Live album by Kansas
- Released: July 7, 1992
- Recorded: April 5, 1992, with Le Mobile Recording Facility
- Venue: Whisky a Go Go, Los Angeles, California
- Genre: Progressive rock
- Length: 70:53
- Label: Intersound
- Producer: Phil Ehart, Jeff Glixman

Kansas chronology
| Carry On (1992) | Live at the Whisky (1992) | The Kansas Boxed Set (1994) |

= Live at the Whisky =

1992 live album by Kansas

Live at the Whisky is the second live recording by American rock band Kansas, released in 1992. The U.S. version includes a bonus track "Lonely Street" from 1975. A German version of the release contains an alternative bonus track, "Journey from Mariabronn" which actually includes both "Belexes" and "Journey from Mariabronn" together from that same show. The German bonus track is also available on iTunes, Napster, and other streaming services.

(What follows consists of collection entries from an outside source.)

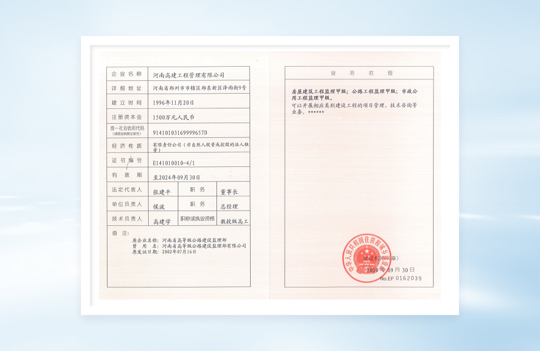 河南高建工程管理有限公司是全國(guó)首批12家公路甲級(jí)監(jiān)理企業(yè)之一,為設(shè)研院的二級(jí)獨(dú)立法人企業(yè)。公司自1991年初開(kāi)始從事公路工程的施工監(jiān)理及咨詢(xún)工作,經(jīng)過(guò)30余年的磨礪,現(xiàn)已發(fā)展成為一家擁有“監(jiān)理行業(yè)較全資質(zhì)體系、全過(guò)程工程咨詢(xún)服務(wù)能力”的工程顧問(wèn)服務(wù)型企業(yè),專(zhuān)業(yè)覆蓋公路、市政、房建、水運(yùn)、水利等多個(gè)領(lǐng)域,依托公司及設(shè)研院結(jié)構(gòu)完善、穩(wěn)定的高素質(zhì)技術(shù)團(tuán)隊(duì),可為客戶(hù)提供工程監(jiān)理...
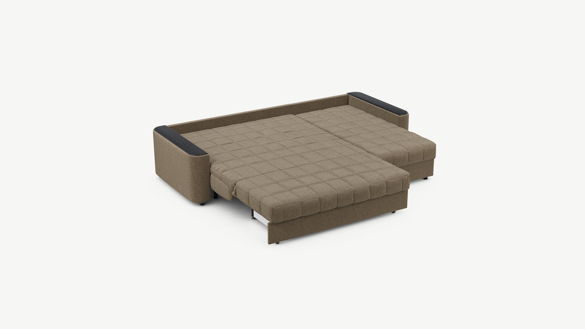 Оттоманка обеспечивает дополнительное пространство для отдыха, благодаря которому Вы можете располагаться с максимальным комфортом, вытянув ноги. Под данной секцией расположен вместительный бельевой короб.
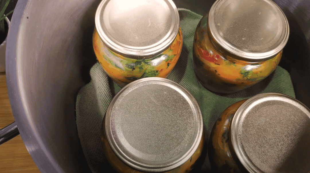 З цієї кількості інгредієнтів виходить 4 банки по 550 мл. Прикриваємо прокип’яченими кришками.
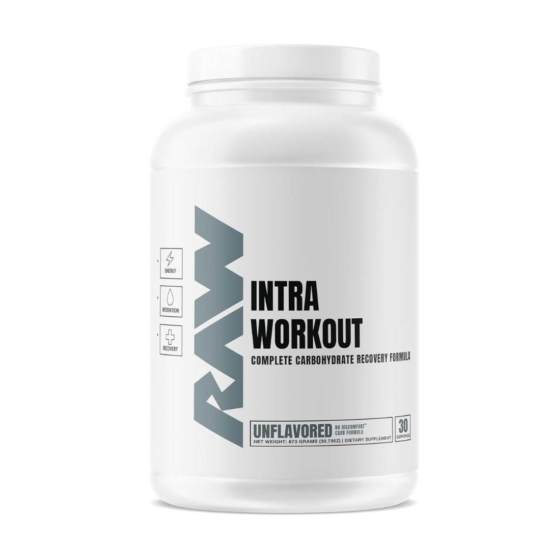 - Intra-Workout Unflavored: RAW Nutrition's premium Intra-Workout formula is an advanced training fuel that helps increase training performance and endurance throughout your entire training session. Combining ingredients that increase training performance and endurance, Intra helps you make every workout the best it can be. 30 Servings, 30.79 oz

The album notes state that it was recorded in "one take", and has been criticized by some because of the harsh vocals of singer Steve Walsh, whose voice was failing at that time as a result of a variety of issues, including fatigue and substance abuse. It was the first official Kansas release (other than compilations) not to reach the album charts, and also the first not released on a major record label.

Walsh has stated in interviews that the recording of this CD and video was doomed from the beginning and he is embarrassed of anything that has to do with it. Since the band was funding this CD and video themselves, to save money, the band used videotape instead of film, which caused problems during the filming. Excessive lighting had to be used on stage so the videotape would pick up all the images which then led to excessive heat on stage making the performers sweat which was rather unflattering when watching the finished product. A filter was used during editing that softened the images but it caused the picture to look distorted making purchasers wonder if they had received a defective item.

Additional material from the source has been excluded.